Exercise aim → Output a character-exact copy of the data, images removed.

Extracted records →
○ ○ ○ ○ ○

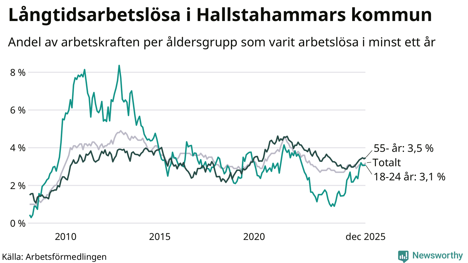 Graf: Andel arbetslösa uppdelat i åldersgrupper i Hallstahammar
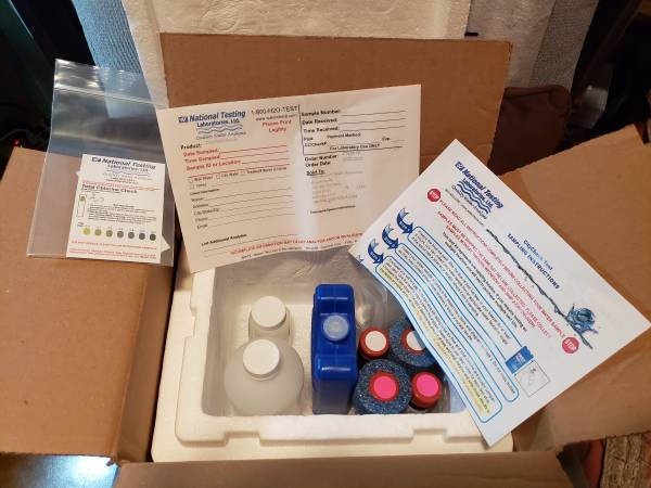 Includes: all the supplies needed to send a water sample to be tested, instructions, and a total chlorine check kit. The testing kit will need to be mailed to the lab, and the instructions indicate that reduced shipping costs are available through the lab.
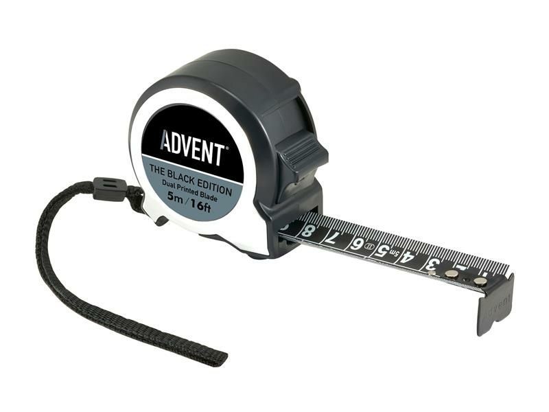 The Advent Black Edition Tape has a double-sided, nylon coated black blade with metric and imperial graduations. Fitted with a true zero end hook for accurate measurements. Contained within a compact, ergonomically designed case.
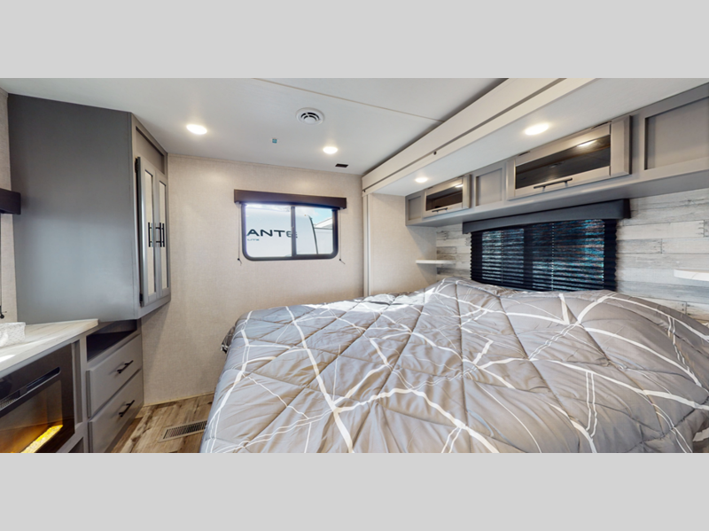 Each Volante is constructed with a fully enclosed and forced air heated underbelly that will extend your camping season, and you're going to love the sleek look of the fiberglass front cap. Power stabilizer jacks make setting up camp easier than ever, and there is a power awning with LED lights so you can relax under once everything is unloaded from the truck. Head inside to find stainless steel appliances, premium residential furniture, a cozy fireplace, and many more comforts of home.
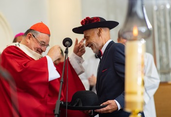 Kardinál Dominik Duka během uvítání připomněl osobnost Mons. Bohumila Staška, od jehož manifestačního kázání uplynulo 80 let. Poukázal také na význam Chodů, jako strážců hranic, pro české země: „Chtěl bych udělat jednu výměnu. Chtěl bych vám darovat kardinálský klobouk, jako poděkování církve a všech lidí, kteří vědí, zač vděčíme Chodům, zač vděčíme poctivým a statečným občanům této země.“ Klobouk od kardinála převzal starosta Domažlic Zdeněk Novák: „Nesmírně si vážím Vašeho daru a dovolím si Vám, na důkaz toho, že jste se zapsal do našich srdcí, darovat chodský klobouk a věřím, že vám bude sloužit stejně dobře, jako ten kardinálský.“

○ ○ ○ ○ ○

Task answer →
 Graf: Andel arbetslösa uppdelat i åldersgrupper i Hallstahammar
 Includes: all the supplies needed to send a water sample to be tested, instructions, and a total chlorine check kit. The testing kit will need to be mailed to the lab, and the instructions indicate that reduced shipping costs are available through the lab.
 The Advent Black Edition Tape has a double-sided, nylon coated black blade with metric and imperial graduations. Fitted with a true zero end hook for accurate measurements. Contained within a compact, ergonomically designed case.
 Each Volante is constructed with a fully enclosed and forced air heated underbelly that will extend your camping season, and you're going to love the sleek look of the fiberglass front cap. Power stabilizer jacks make setting up camp easier than ever, and there is a power awning with LED lights so you can relax under once everything is unloaded from the truck. Head inside to find stainless steel appliances, premium residential furniture, a cozy fireplace, and many more comforts of home.
 Kardinál Dominik Duka během uvítání připomněl osobnost Mons. Bohumila Staška, od jehož manifestačního kázání uplynulo 80 let. Poukázal také na význam Chodů, jako strážců hranic, pro české země: „Chtěl bych udělat jednu výměnu. Chtěl bych vám darovat kardinálský klobouk, jako poděkování církve a všech lidí, kteří vědí, zač vděčíme Chodům, zač vděčíme poctivým a statečným občanům této země.“ Klobouk od kardinála převzal starosta Domažlic Zdeněk Novák: „Nesmírně si vážím Vašeho daru a dovolím si Vám, na důkaz toho, že jste se zapsal do našich srdcí, darovat chodský klobouk a věřím, že vám bude sloužit stejně dobře, jako ten kardinálský.“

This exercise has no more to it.